Tanzu Application Platform / Spring Runtime (details not clear yet)

More add-ons coming in future (for example Private AI Foundation)

VMware Cloud Customer Journey

Existing VCF or future vSphere Foundation customers would go for the new VMware Cloud Foundation now, which can now be considered a true full-stack private and hybrid cloud stack:

VMware Cloud Foundation, our flagship enterprise-class hybrid cloud solution for customers to run their business critical and modern applications – in a secure, resilient and cost efficient manner. To allow more customers to benefit from this solution, we’ve reduced the previous subscription list price by half and added higher support service levels including enhanced support for activating the solution and lifecycle management.

Very important in case you missed that from the vSphere Foundation section above: Moving forward, VMware Cloud Foundation only includes NSX for network virtualization (overlay), with no more micro-segmentation or distributed firewalling (DFW) capabilities.

In other words, customers who need NSX’s DFW (VMware Firewall add-on) capabilities, need a VCF subscription first, which includes NSX.

Note: Currently, all new licensing bundles are coming in a “disconnected” fashion (no VMware Cloud connectivity)

While Krish mentioned BYOL and license portability in the future, there seem to be no immediate changes about the VMware Cloud and other hyperscaler offerings.

VMware Cloud Foundation (VCF)

Components:

  • vSphere Enterprise Plus
    • Includes TKG and vCenter Standard
  • vSAN Enterprise per TiB per X amount of cores
  • Aria Suite Enterprise
    • Aria Operations Enterprise (includes Aria Operations for Logs)
    • Aria Automation
  • NSX Networking for VCF
  • HCX Enterprise
  • Aria Operations for Networks Enterprise (formerly known as vRealize Network Insight)
  • SDDC Manager
  • Includes Select Support
    • Includes SRE (customers must deploy SDDC Manager to be entitled to SRE)
  • Add-ons: See above

Note: Going forward, standalone offerings are being EOA-ed (end of availability) – no more VCF components “a la carte”

VMware Cloud on X

We can expect that long-term these VMC or hyperscaler subscription offerings will converge to VCF.

Final Comments

Look, I do not have all the answers and information yet, because it is a lot to unpack. That is all I can share with you right now. Be patient. 🙂

But, this announcement from Broadcom (Krish) was an unexpected surprise since almost everyone was expecting price increases after the acquisition. Instead, Broadcom is cutting the subscription pricing in half!

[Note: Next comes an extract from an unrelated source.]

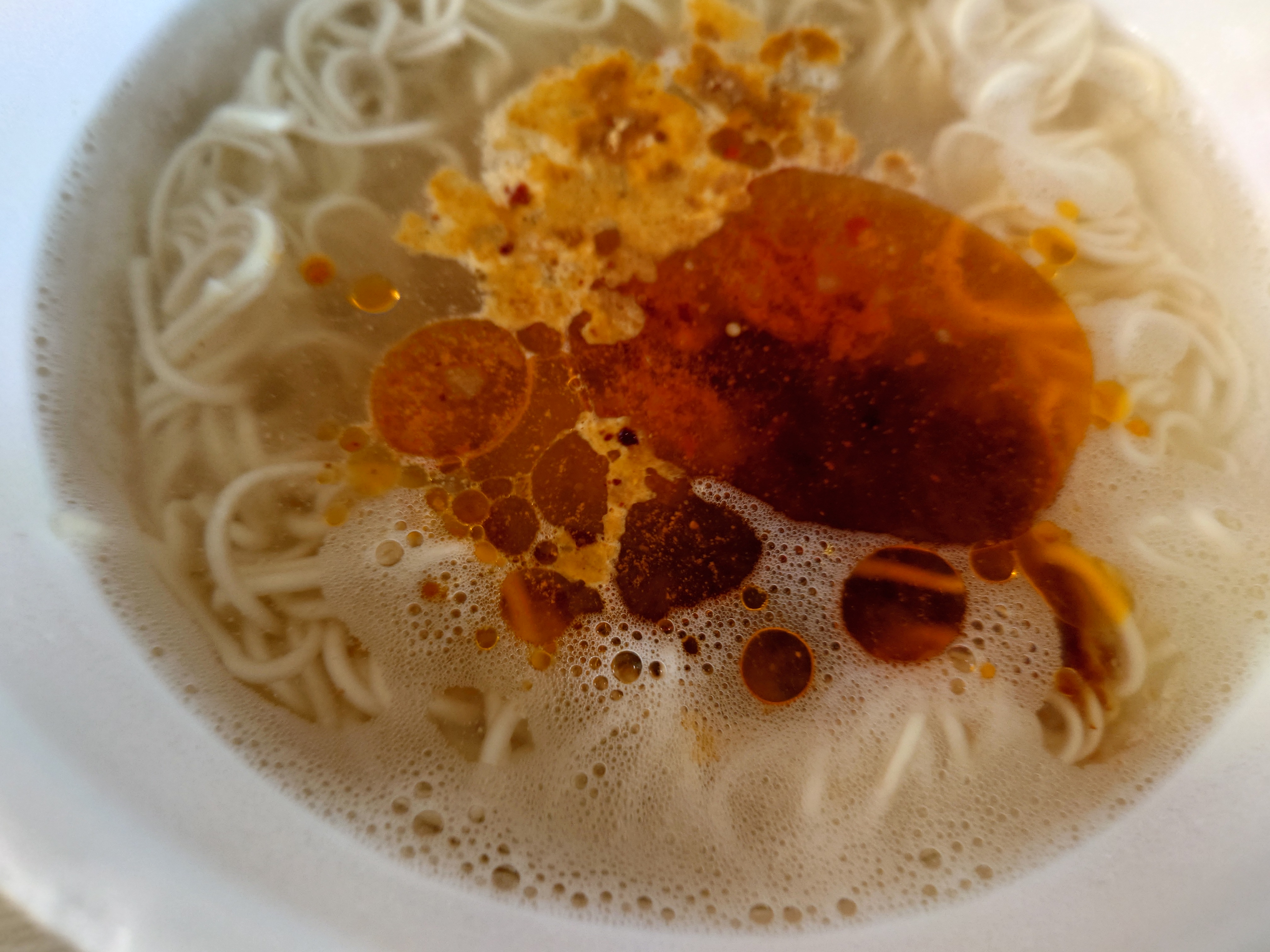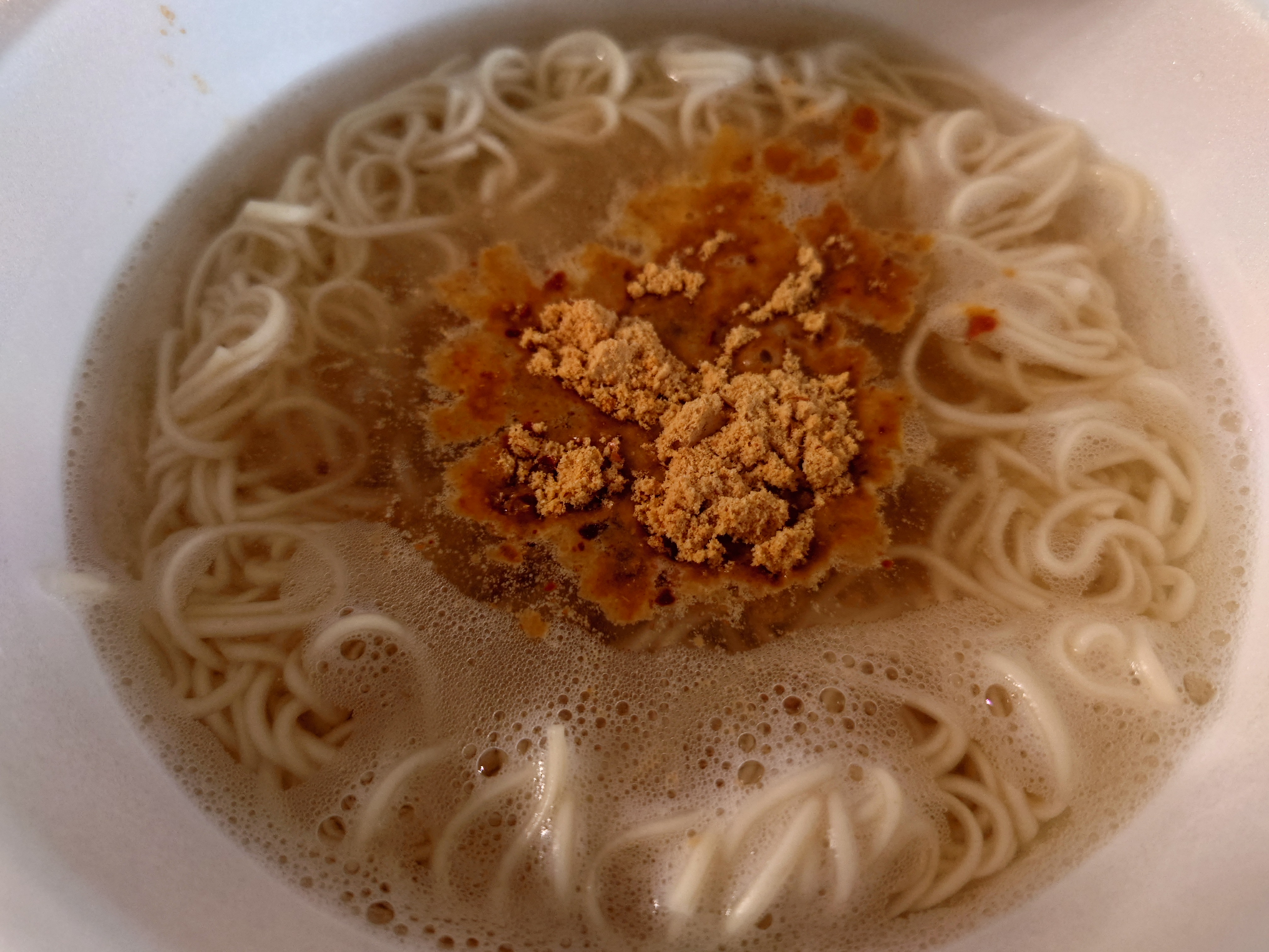 분말스프 투하. 비전 소스로 매운맛을 낼 거라는 예상과 달리 분말스프에서부터 매운 냄새가 났다.

An update of the above content can be found here: VMware vSphere Foundation and VMware Cloud Foundation Overview

Additional Resources

Unofficial Licensing FAQ

  • Q: What if I am a vSphere Essentials customer?
    • A: I would recommend the vSphere Essentials Plus Kit
  • Q: What if I only need vSphere Enterprise Plus?
    • A: Your best option is vSphere Foundation. There are no more standalone products.
  • Q: Do I need VCF if I want NSX distributed firewall?
    • A: Yes, at the moment this seems to be the case that the “VMware Firewall” (distributed firewall aka micro-segmentation) add-on cannot be subscribed as a vSphere Foundation customer. The same is true of other features like security or gateway firewall.
  • Q: What if have/need vSphere for Desktop?
    • A: The recommended solution is vSphere Foundation
  • Q: What if I am a vCloud Suite customer?
    • A: VMware Cloud Foundation makes sense for vCloud Suite Enterprise and Advanced editions. If you have vCloud Suite Standard I recommend vSphere Foundation going forward.
  • Q: How many vCenters are included?
    • A: To my knowledge, it is one vCenter per core. So, one could say that this means “unlimited”.
  • Q: What happens to the Avi (NSX ALB) Basic edition?
    • A: It seems there will be no Avi Basic anymore. Customers need to go for the add-on.
  • Q: Do customers from now on need to deploy SDDC Manager as part of VMware Cloud Foundation?
    • A: No, they do not. But to be entitled to SRE, you need to deploy the full stack.
  • Q: How is Site Recovery Manager (SRM) Enterprise licensed?
    • A: Per protected 25-VMs
  • Q: What about the True Visibility Suite (TVS)?
    • A: These management packs will be enabled as part of the Aria Suites which are included in vSphere Foundation and VMware Cloud Foundation.
  • Q: What about (vSAN) ROBO licenses?
    • A: ROBO licenses are EOA as well, but all vSphere Foundation customers will receive vSAN Enterprise 100 GiB (for free) for every core purchased.
  • Q: What is included in the Tanzu Intelligence add-on?
    • A: Tanzu Guardrails (Advanced or Enterprise), Aria Operations for Apps (formerly known as Tanzu Observability (aka Wavefront)), Tanzu Application Catalog, Tanzu CloudHealth Enterprise, Tanzu Insights
  • Q: What happened to SaltStack Cionfig and SecOps?
    • A: Both are part of the Tanzu Guardrails Enterprise add-on
  • Q: Can customers mix perpetual and new offerings?
    • A: In general yes.
  • Q: Can you tell me more about the vSAN free tier included with vSphere Foundation?
    • A: It seems you are going to be entitled to a maximum of 100GiB per core in the vSAN storage cluster. Example: 4 hosts with 32 cores each * 100GiB = 12.8TiB (without paying for any vSAN add-on!).
      • Important: This feature will be available in one of the upcoming releases. Hopefully in vSphere 8.0U3 🙂
VMware Cloud Foundation 5.1 – Technical Overview

VMware Cloud Foundation 5.1 – Technical Overview

This technical overview supersedes this version, which was based on VMware Cloud Foundation 5.0, and now covers all capabilities and enhancements that were delivered with VCF 5.1.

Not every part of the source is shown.